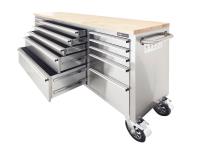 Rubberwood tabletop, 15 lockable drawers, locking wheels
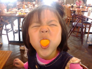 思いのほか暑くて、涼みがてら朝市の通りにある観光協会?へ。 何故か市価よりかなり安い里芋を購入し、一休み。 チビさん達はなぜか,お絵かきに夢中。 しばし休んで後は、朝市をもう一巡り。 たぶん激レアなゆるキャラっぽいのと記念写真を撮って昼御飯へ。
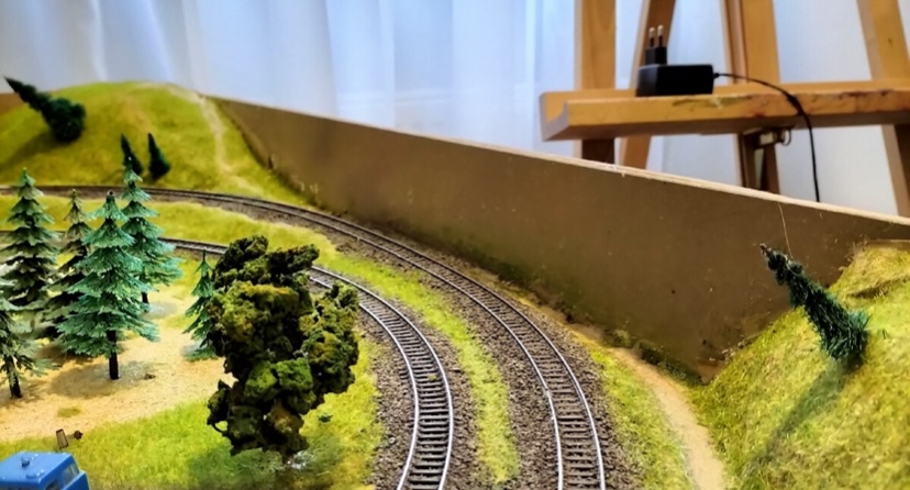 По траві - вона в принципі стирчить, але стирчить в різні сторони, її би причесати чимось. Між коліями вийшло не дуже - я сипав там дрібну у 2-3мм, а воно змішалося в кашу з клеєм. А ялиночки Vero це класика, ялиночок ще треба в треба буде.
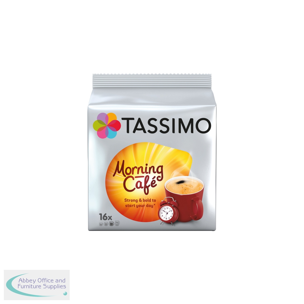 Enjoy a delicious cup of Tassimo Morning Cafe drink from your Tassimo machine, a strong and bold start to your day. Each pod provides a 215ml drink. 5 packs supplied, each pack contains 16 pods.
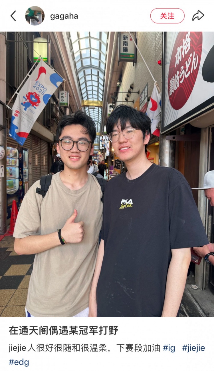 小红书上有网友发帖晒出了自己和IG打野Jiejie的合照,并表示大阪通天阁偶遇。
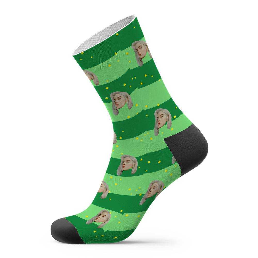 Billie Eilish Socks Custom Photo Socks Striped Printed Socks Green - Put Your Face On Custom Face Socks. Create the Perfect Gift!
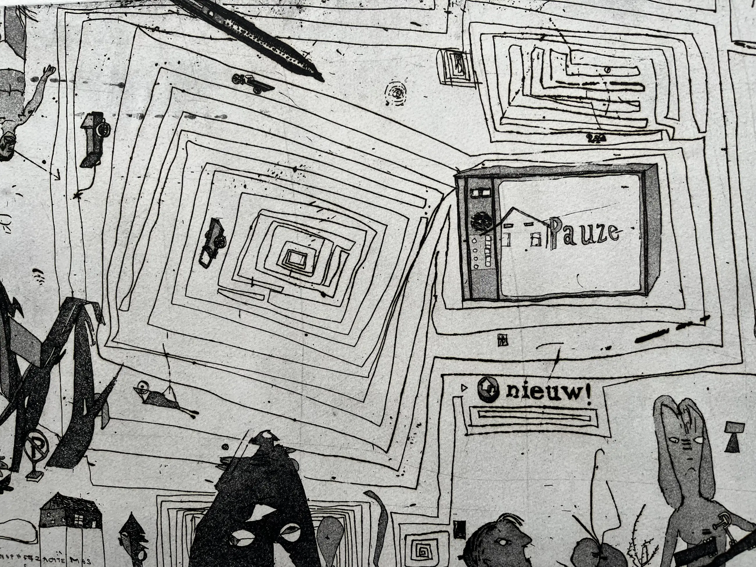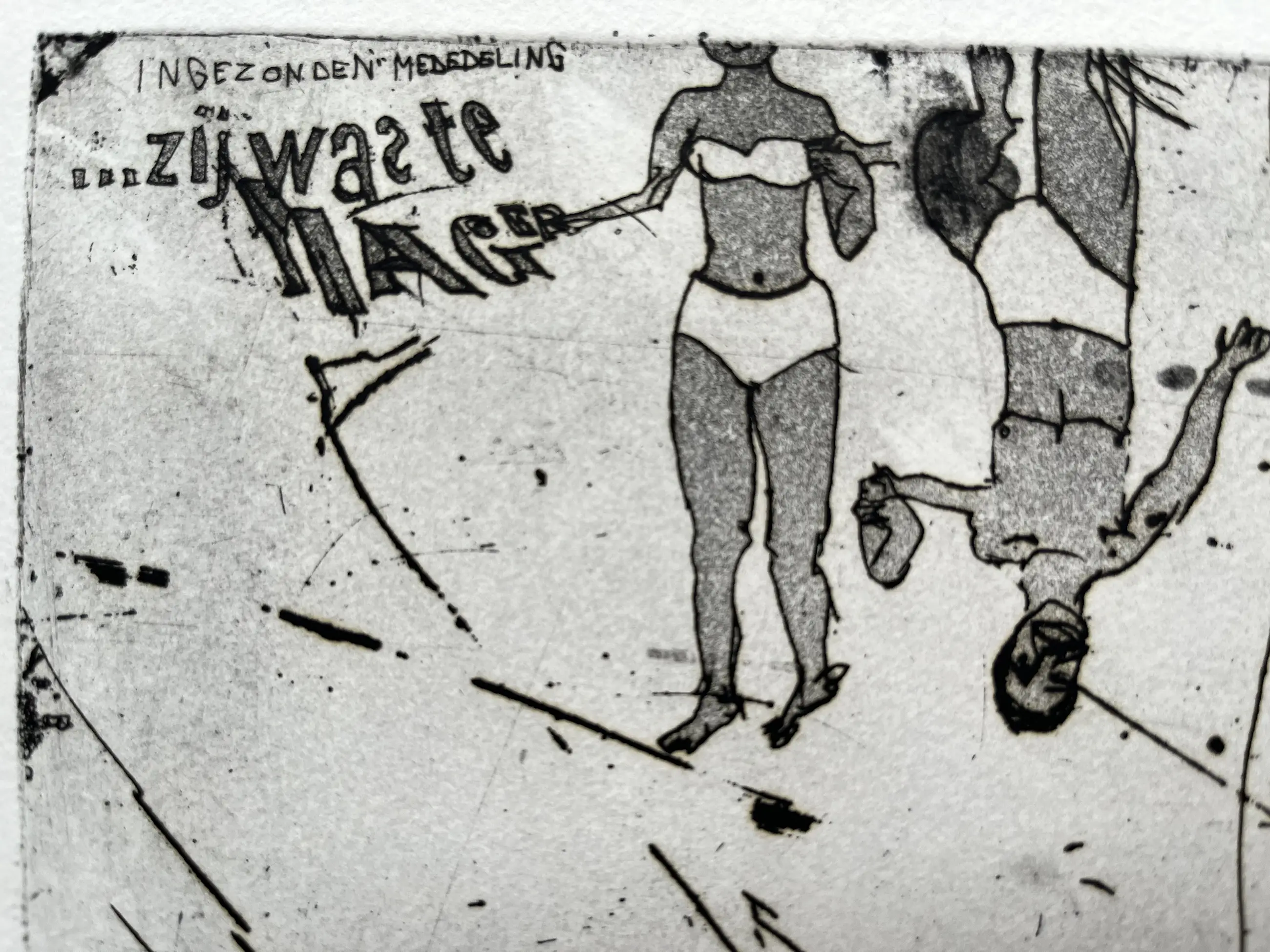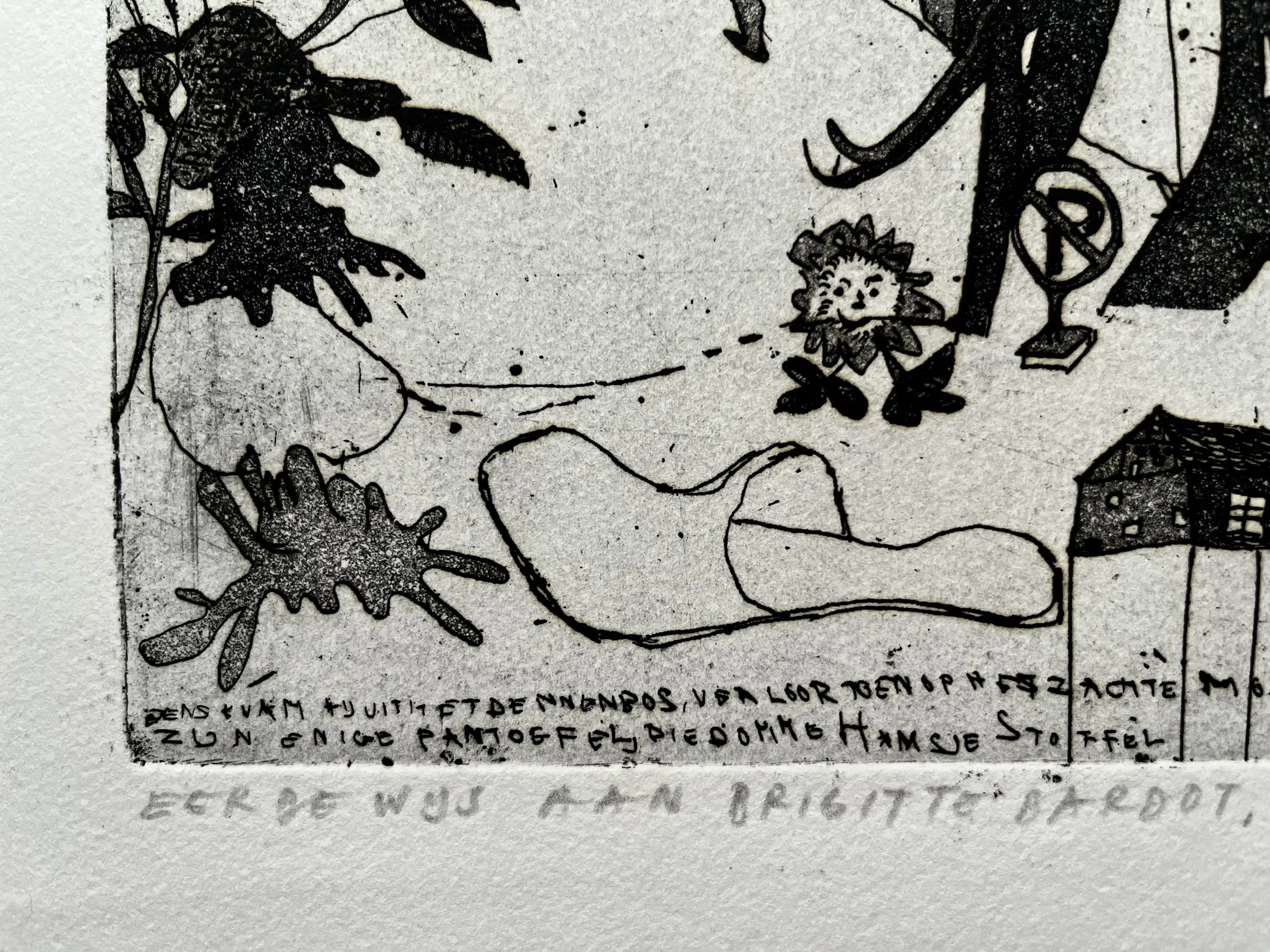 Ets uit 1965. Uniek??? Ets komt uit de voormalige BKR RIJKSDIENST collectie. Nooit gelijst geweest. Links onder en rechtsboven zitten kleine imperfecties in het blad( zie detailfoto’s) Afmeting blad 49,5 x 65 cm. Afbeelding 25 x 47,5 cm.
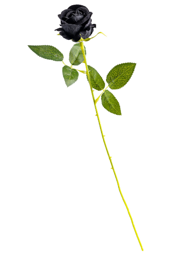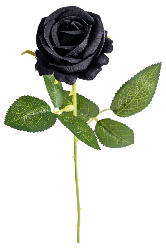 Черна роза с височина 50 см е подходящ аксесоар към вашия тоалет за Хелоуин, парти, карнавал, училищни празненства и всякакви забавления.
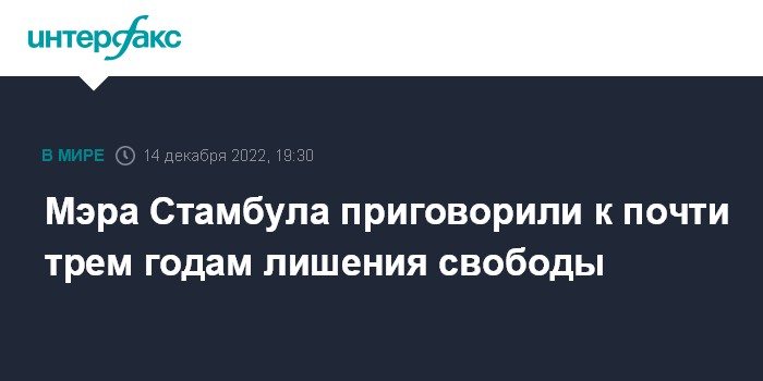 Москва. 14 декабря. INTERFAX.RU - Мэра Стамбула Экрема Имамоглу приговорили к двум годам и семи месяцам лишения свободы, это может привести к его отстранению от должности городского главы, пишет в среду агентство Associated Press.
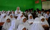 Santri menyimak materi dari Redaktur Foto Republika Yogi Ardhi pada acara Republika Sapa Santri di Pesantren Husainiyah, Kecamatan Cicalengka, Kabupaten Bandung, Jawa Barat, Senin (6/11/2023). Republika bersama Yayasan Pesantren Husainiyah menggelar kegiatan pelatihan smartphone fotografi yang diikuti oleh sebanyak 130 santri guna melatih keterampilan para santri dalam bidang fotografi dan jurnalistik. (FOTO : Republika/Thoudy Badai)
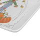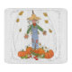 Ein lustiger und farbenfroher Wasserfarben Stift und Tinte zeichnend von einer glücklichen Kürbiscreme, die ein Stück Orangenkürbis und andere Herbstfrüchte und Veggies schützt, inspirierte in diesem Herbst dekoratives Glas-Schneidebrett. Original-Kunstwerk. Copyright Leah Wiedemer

........

> [Problem description]: Each line from the top of the material through the line containing "何故か市価よりかなり安い里芋を購入し、一休み。 チビさん達はなぜか,お絵かきに夢中。 しばし休んで後は、朝市をもう一巡り。" should be reproduced exactly; please drop any images.

> [Response to the task]:
 Rubberwood tabletop, 15 lockable drawers, locking wheels
 思いのほか暑くて、涼みがてら朝市の通りにある観光協会?へ。 何故か市価よりかなり安い里芋を購入し、一休み。 チビさん達はなぜか,お絵かきに夢中。 しばし休んで後は、朝市をもう一巡り。 たぶん激レアなゆるキャラっぽいのと記念写真を撮って昼御飯へ。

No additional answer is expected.